The resistance of bacteria to antibiotics is a global challenge that has been exacerbated by the financial burdens of bringing new antibiotics to market and an increase in serious bacterial infections as a result of the COVID-19 pandemic.

Biomedical engineering researchers at Georgia Tech and Emory are tackling the problem of antibiotic resistance not by creating new drugs, but by enhancing the safety and potency of ones that already exist.

Aminoglycosides are antibiotics used to treat serious infections caused by pathogenic bacteria like E. coli or Klebsiella.  Bacteria haven’t developed widespread resistance to aminoglycosides, as compared to other types of antibiotics.  These antibiotics are used sparingly by doctors, in part because of the toxic side effects they can sometimes cause.

In research published in the journal PLOS One, Christopher Rosenberg, Xin Fang and senior author Kyle Allison demonstrated that lower doses of aminoglycosides could be used to treat bacteria when combined with specific metabolic sugars.  Low concentrations of antibiotics alone often cannot eliminate dormant, non-dividing bacterial cells, but the researchers hypothesized based on a past study that combining aminoglycosides with metabolites such as glucose, a simple sugar, or mannitol, a sugar alcohol often used as sweetener, could stimulate antibiotic uptake.

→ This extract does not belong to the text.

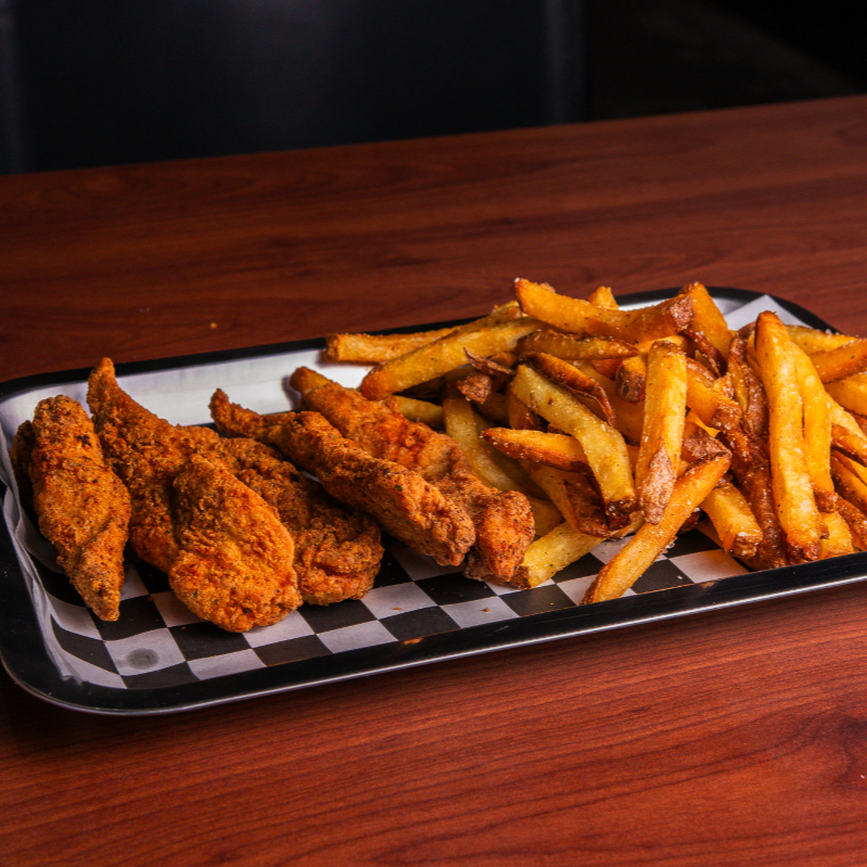 Tenders de pollo (200gr) acompañados de papas fritas.

The authors tested these treatment combinations against Gram-negative pathogens E. coli, Salmonella and Klebsiella. The results showed that aminoglycoside-metabolite treatment significantly reduced the concentration of antibiotic needed to kill those pathogens. The authors also demonstrated that this treatment combination did not increase bacterial resistance to aminoglycosides and was effective in treating antibiotic-tolerant biofilms, which are bacterial communities that act as reservoirs of infection.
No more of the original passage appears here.